# College Football Declining Attendance 4 Consectutive Years



## WhatInThe (Aug 31, 2018)

College Football showing an attendance decline of 7.6%. 4th Consecutive year of declines. Average attendance at game only 71% of sold tickets. Problem for parking, food and souvenir vendors. Division I college sports requires 15,000 average attendance. From Wall Street Journal.  

https://www.businessreport.com/article/college-footballs-growing-problem-empty-stadium-seats

My guess there are many of the same issues of attending a pro game-excessive ticket, parking, food and concession prices.


----------



## Falcon (Aug 31, 2018)

I'm  taking a knee on this one.  Too  many wealthy  players  involved  in politics  as well as playing the game.


----------



## WhatInThe (Aug 31, 2018)

Big college equals big business. If one includes the athlete's scholarship, housing, food and medical care many are averaging 50-100K a year in compensation even though not a salary. Some of the high profile school coaches are getting multi million dollar contracts as well. I think the spirit of college athletics has gotten lost in the shuffle.


----------



## Buckeye (Aug 31, 2018)

Buckeyes continue to sell out every game, and it seems like they have done so forever.  Same with the other top tier teams.  As you move down market, things get worse.  I have a better seat at home than anywhere in the stadium.  Beer's cheaper too.


----------



## badvlad69 (Dec 4, 2018)

Movies took a hit in the 50's when TV made sitting at home more palatable. Big screen plasmas with kick ass sound systems are doing the same thing to pretty much all sporting events in the 21st century. The franchises and programs are largely unaffected as the TV revenue more than offsets the lost ticket sales, but ancillary businesses (vendors, restaurants, etc) are loosing ground. Their $ are going to electronics outlets and cable providers.

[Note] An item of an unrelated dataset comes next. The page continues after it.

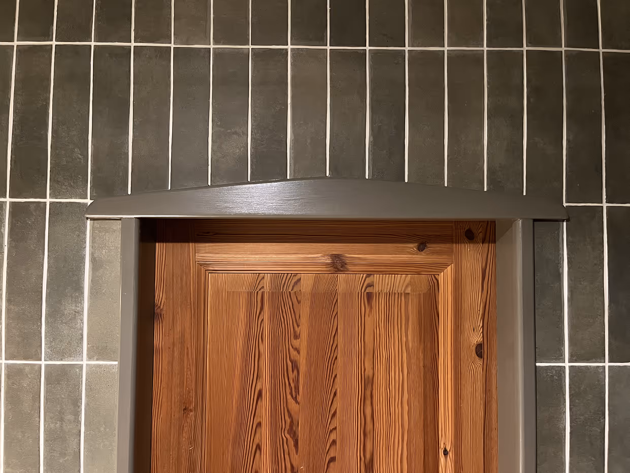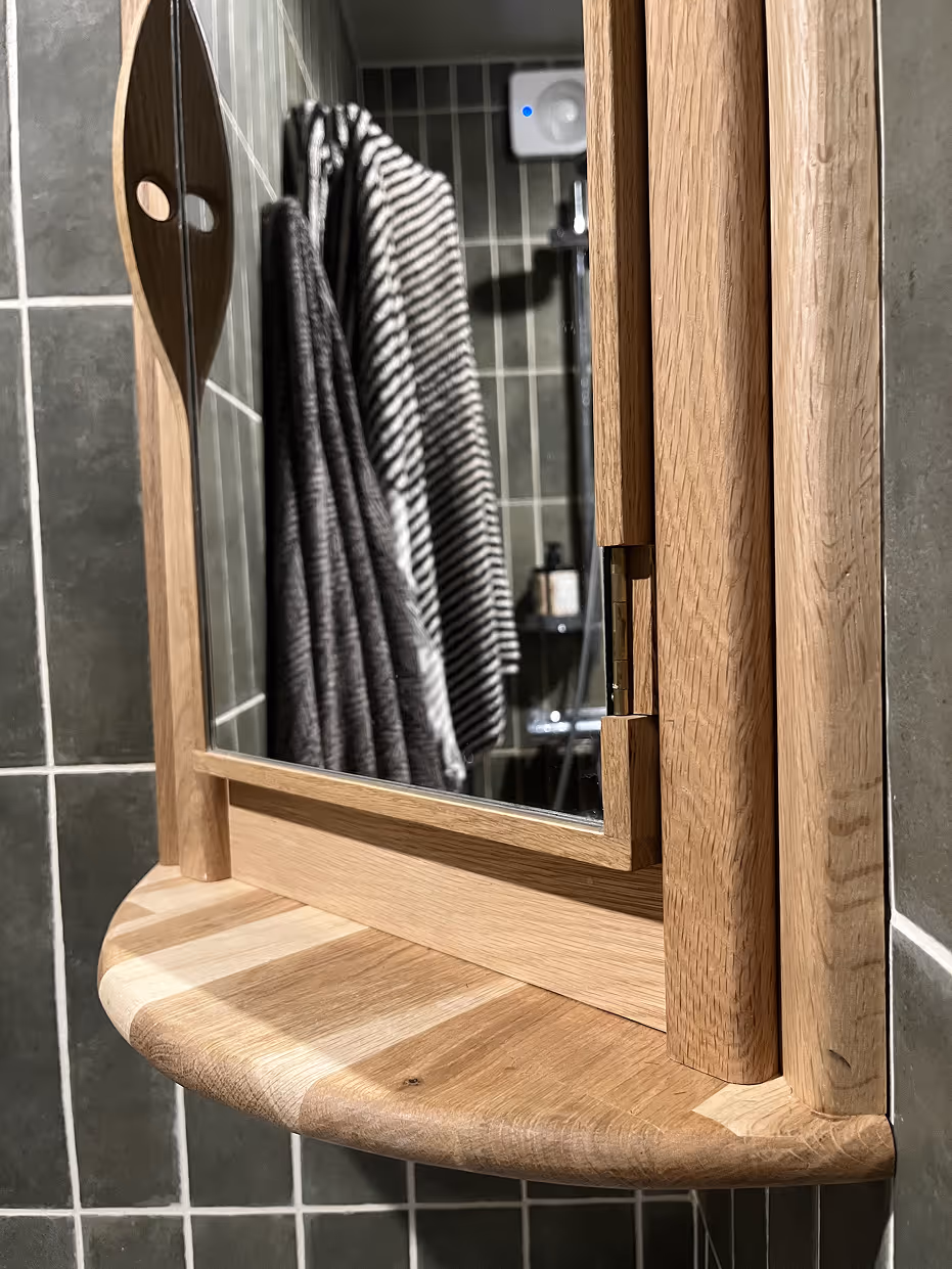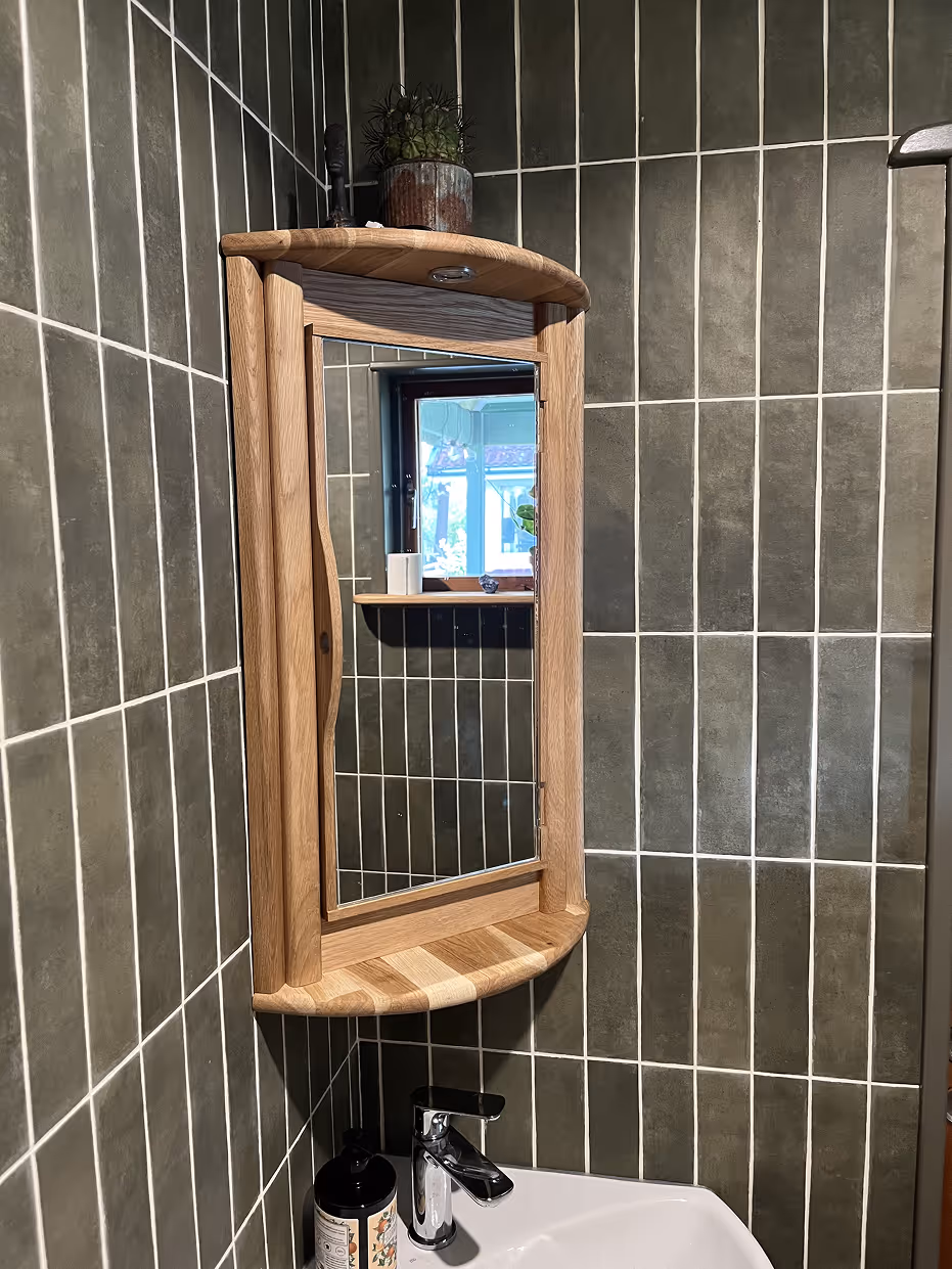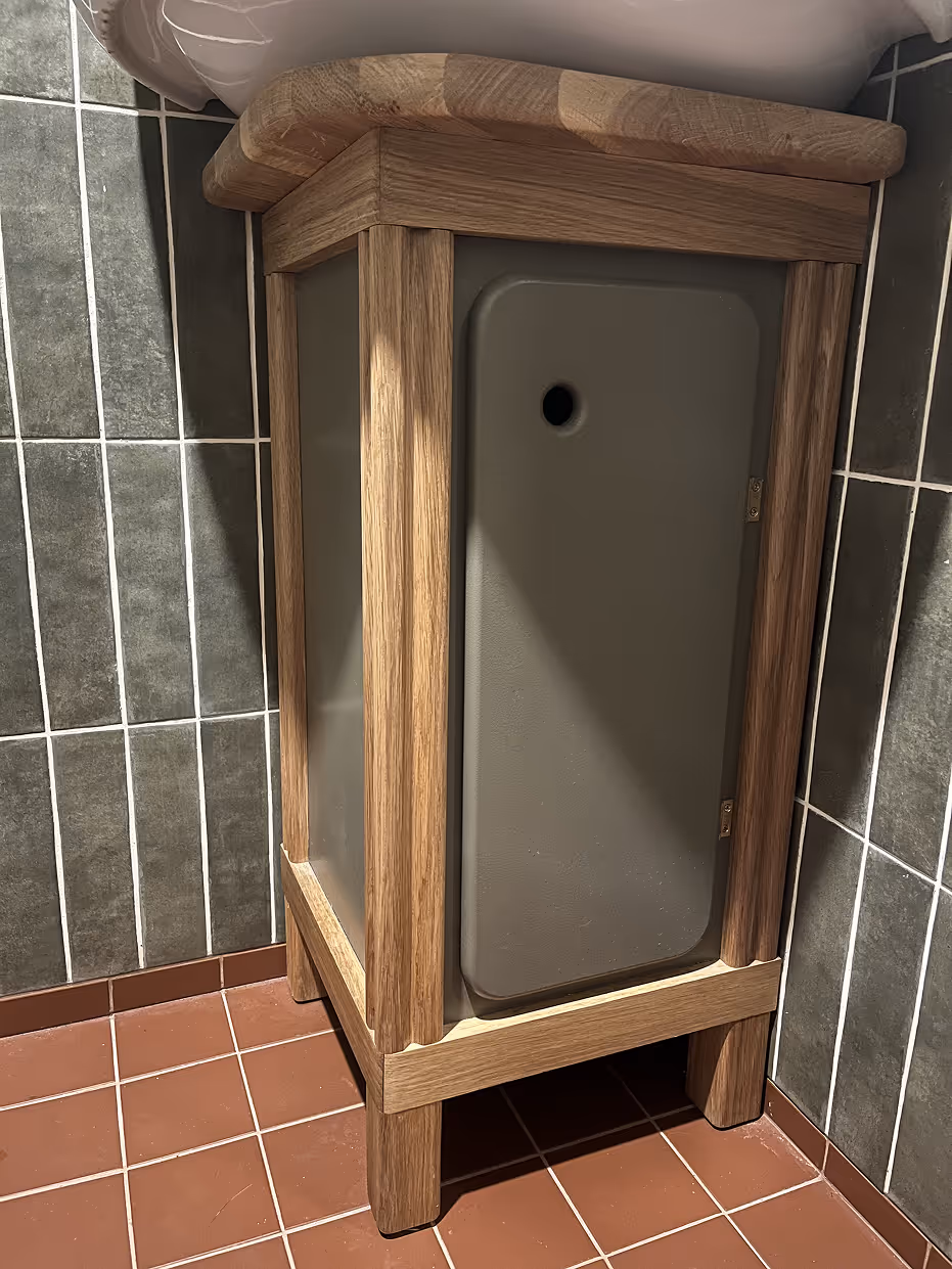 Badrumsinredning i ek och grönt

And yeah, sky high prices make the decision to attend in person a scary one.


----------



## Don M. (Dec 4, 2018)

It's not just the college games that are losing fans....many of the pro games are showing a lot of empty seats in the stands as the TV cameras pan the field.  One team, recently...Tampa Bay...even recently announced a giveaway of free tickets, so they can '"appear" to be maintaining a solid fan base.


----------



## C'est Moi (Dec 4, 2018)

Falcon said:


> I'm  taking a knee on this one.  Too  many wealthy  players  involved  in politics  as well as playing the game.



I agree about millionaires behaving badly, but this thread is about college sports.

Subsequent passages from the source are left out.